Post-war returnees in Magwi County in Eastern Equatoria have had relatively little help compared with those in other areas of Southern Sudan, say aid workers. Well after the Comprehensive Peace Agreement put an end to the war in 2005, Lord’s Resistance Army guerillas from neighbouring Uganda remained active in this prime bush territory, stymieing any immediate resettlement. 

Most residents of Magwi County fled during the decades-long civil war that engulfed Southern Sudan. Nearly 450,000 Southerners had taken refuge in surrounding nations by 2005. According to the UN Refugee Agency (UNHCR), 330,000 have since returned home, allowing nine refugee camps in Ethiopia, Uganda, the Democratic Republic of Congo and Central African Republic, to close.

Some 100,000 refugees have resettled in Magwi alone, giving it one of the highest influx of returnees anywhere in Southern Sudan, about half under the UNHCR returnee assistance programme. Most are ethnic Acholis who had fled into Uganda in the 1990s.

“I remember going out there in November 2007, and outside Magwi town, there just weren’t a lot of humanitarian agencies on the ground in those areas,” recalls Steven Loegering, head of the World Food Programme (WFP) Equatoria office. “So they were already 18 months to two years behind in getting settled down and getting any type of assistance compared to the rest of the country.”

Crop failure

''Two children died recently from eating a poisonous root while scavenging for an extra meal''
For the time being, the goal for the returnee families has been achieving a level of basic subsistence - still proving elusive for most. Under the resettlement programme, the returnees are given a three-month food supply, but for many this has not been enough. UNHCR estimates that fewer than 30 percent of returnee households have reached a subsistence level; in many cases, it could be much less.

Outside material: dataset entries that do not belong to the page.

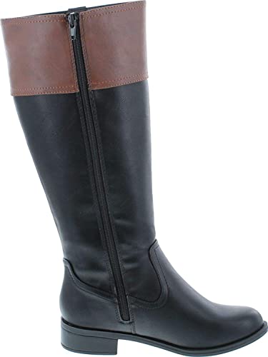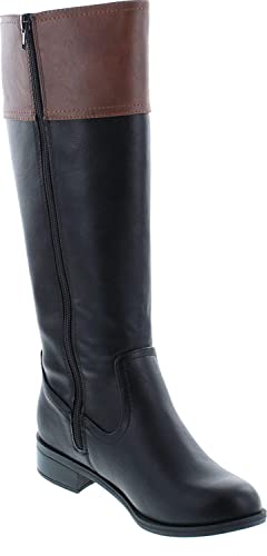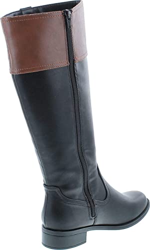 sizzling ! Soda VISA ~ Women Round Toe Two Tone Mid Shaft Low Block Heel Harness Riding Boots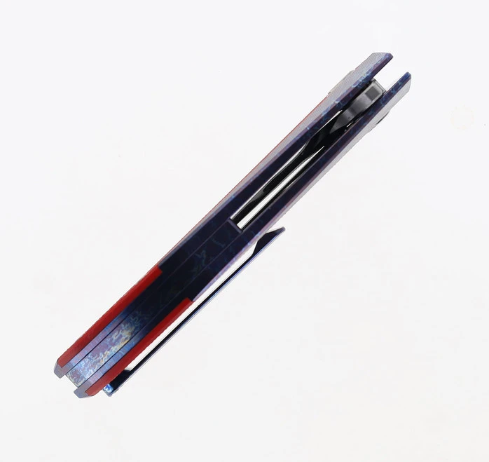 TwoSun Flipper Folding Knife Color Titanium Handle 14C28N Plain Edge TS408-14C28N-Col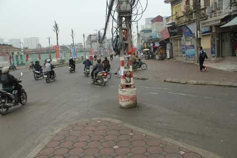 Vì cột điện nằm ngay giữa lòng đường nên mỗi lần đi qua đây, mọi phương tiện luôn phải luồn lách để tránh. Việc lưu thông trên tuyến đường này vào buổi tối càng trở nên khó khăn và nguy hiểm.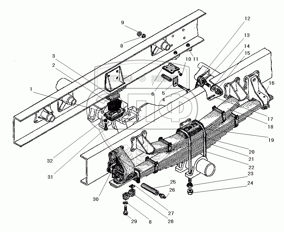 Каталог запасных частей к технике: УралАЗ УРАЛ-43206-41. Задняя подвеска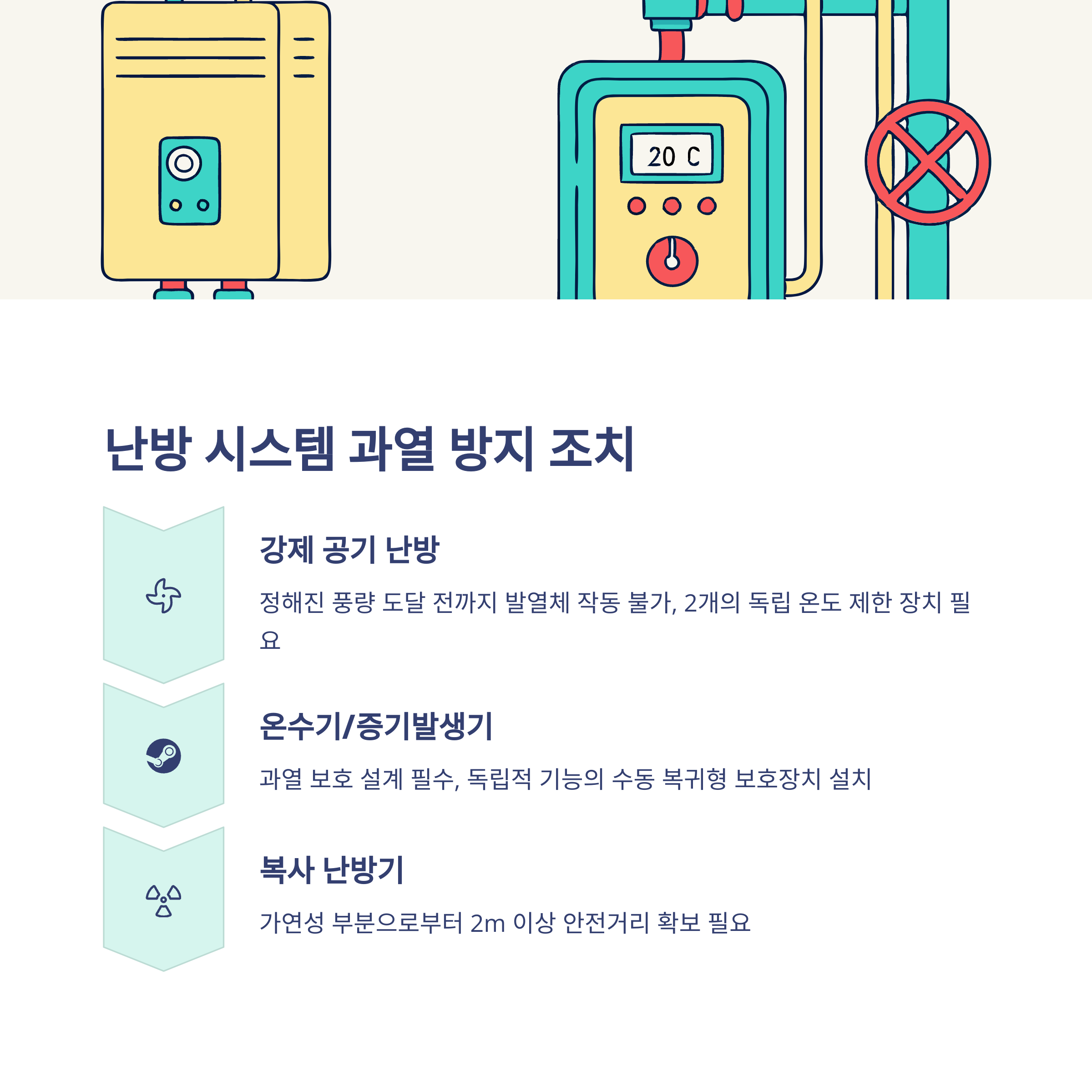 1. 온수 또는 증기를 발생시키는 장치는 어떠한 운전 상태에서도 과열 보호가 되도록 설계 또는 공사를 하여야 한다. 보호장치는 기능적으로 독립된 자동 온도조절장치로부터 독립적 기능을 하는 수동 복귀형 장치이어야 한다. 다만, 관련된 표준 모두에 적합한 장치는 제외한다.

One returnee told IRIN that two children died recently from eating a poisonous root while scavenging for an extra meal.

However, Loegering said food security was not a problem restricted to the returnees. “Even if they had received enough tools, even if they had received enough seeds, even if they’d figured out the land tenure problem and found some place to have enough confidence to plant their food, the last crop failed – for everybody,” he says.

WFP has designated Magwi County one of three areas most at need in Eastern Equatoria. At present, 12,500 people receive food assistance, a number likely to rise, predicts Loegering. The NGO Catholic Relief Services has also given emergency three-month food rations to 45,000 people, but this aid is due to discontinue this month due to budgetary constraints.

Health needs

Food security is but one of the challenges facing the returnees. Adequate healthcare is also often lacking, as the county has only one hospital, near the Ugandan border.

“The hospitals in this area are not okay and the people are too many,” says Ochan Otto Johnson, who was only four years old when his family fled across the Ugandan border in 1994. “Also, there are water problems because there is a shortage of boreholes in the community. People have a lot of problems in that they are using rivers that can bring typhoid and other diseases.”

A map of Sudan highlighting Eastern Equatoria region
Photo: ReliefWeb
Although relatively free of the insecurity plaguing some of the region, Magwi has not been immune to the inter-ethnic strife. The county commissioner said his region had 11,000 IDPs from the vast Jonglei state to the north, where ethnic violence has escalated in the past year. He said most are willing to go back home if given proper assistance but that discussions with Jonglei authorities to facilitate this return are still ongoing.

Resentments

The returnees are also finding that they are not always welcomed by fellow community members who stayed put. The refugees in Uganda often come back with knowledge of English and other professional skill sets that those left behind in the midst of the conflict never acquired.

“There is difficulty in finding work because people get different skills from outside. Then they reach here and they write an application, but the people who were here say, ‘No, although we are not educated, because we fought in this war, we need to stay here,’” explains Otto.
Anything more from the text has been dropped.